** Instructions to follow **
Before copying, remove every picture, and then repeat all entries below precisely as written.

** Provided entries **
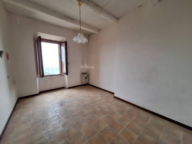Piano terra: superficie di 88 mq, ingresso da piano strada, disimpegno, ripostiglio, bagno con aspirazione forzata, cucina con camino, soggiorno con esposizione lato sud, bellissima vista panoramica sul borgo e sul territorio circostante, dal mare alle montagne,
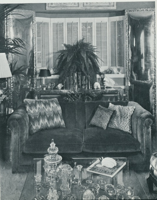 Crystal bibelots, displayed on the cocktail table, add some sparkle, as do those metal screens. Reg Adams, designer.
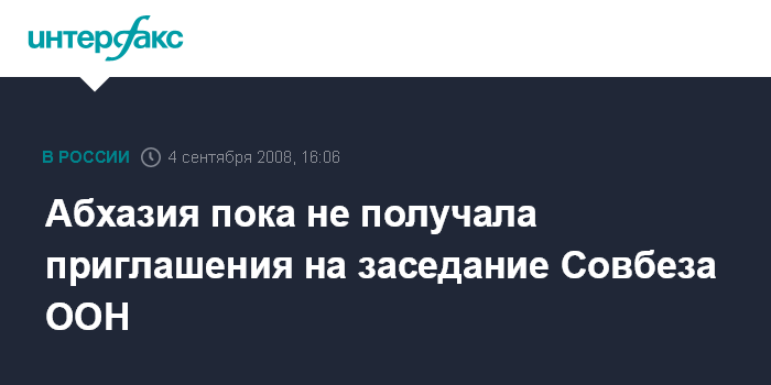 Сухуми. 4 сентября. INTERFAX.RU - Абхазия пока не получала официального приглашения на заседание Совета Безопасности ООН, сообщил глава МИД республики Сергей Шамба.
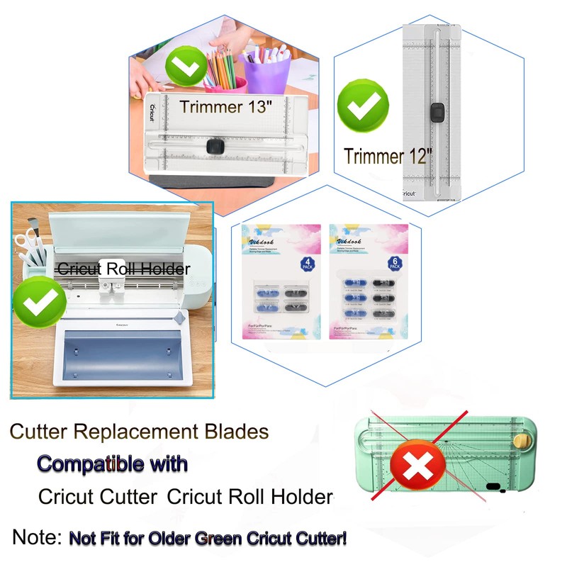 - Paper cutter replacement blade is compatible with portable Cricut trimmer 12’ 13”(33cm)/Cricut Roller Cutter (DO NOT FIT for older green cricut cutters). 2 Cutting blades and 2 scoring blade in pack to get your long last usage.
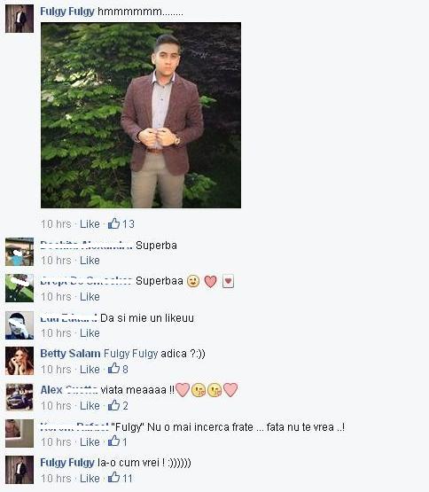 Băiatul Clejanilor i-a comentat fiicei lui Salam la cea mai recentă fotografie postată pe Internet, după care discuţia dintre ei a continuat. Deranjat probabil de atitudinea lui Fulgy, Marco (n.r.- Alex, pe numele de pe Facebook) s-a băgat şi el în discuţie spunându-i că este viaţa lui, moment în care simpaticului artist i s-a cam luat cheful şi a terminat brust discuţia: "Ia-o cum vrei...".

** Response to the task **
Piano terra: superficie di 88 mq, ingresso da piano strada, disimpegno, ripostiglio, bagno con aspirazione forzata, cucina con camino, soggiorno con esposizione lato sud, bellissima vista panoramica sul borgo e sul territorio circostante, dal mare alle montagne,
 Crystal bibelots, displayed on the cocktail table, add some sparkle, as do those metal screens. Reg Adams, designer.
 Сухуми. 4 сентября. INTERFAX.RU - Абхазия пока не получала официального приглашения на заседание Совета Безопасности ООН, сообщил глава МИД республики Сергей Шамба.
 - Paper cutter replacement blade is compatible with portable Cricut trimmer 12’ 13”(33cm)/Cricut Roller Cutter (DO NOT FIT for older green cricut cutters). 2 Cutting blades and 2 scoring blade in pack to get your long last usage.
 Băiatul Clejanilor i-a comentat fiicei lui Salam la cea mai recentă fotografie postată pe Internet, după care discuţia dintre ei a continuat. Deranjat probabil de atitudinea lui Fulgy, Marco (n.r.- Alex, pe numele de pe Facebook) s-a băgat şi el în discuţie spunându-i că este viaţa lui, moment în care simpaticului artist i s-a cam luat cheful şi a terminat brust discuţia: "Ia-o cum vrei...".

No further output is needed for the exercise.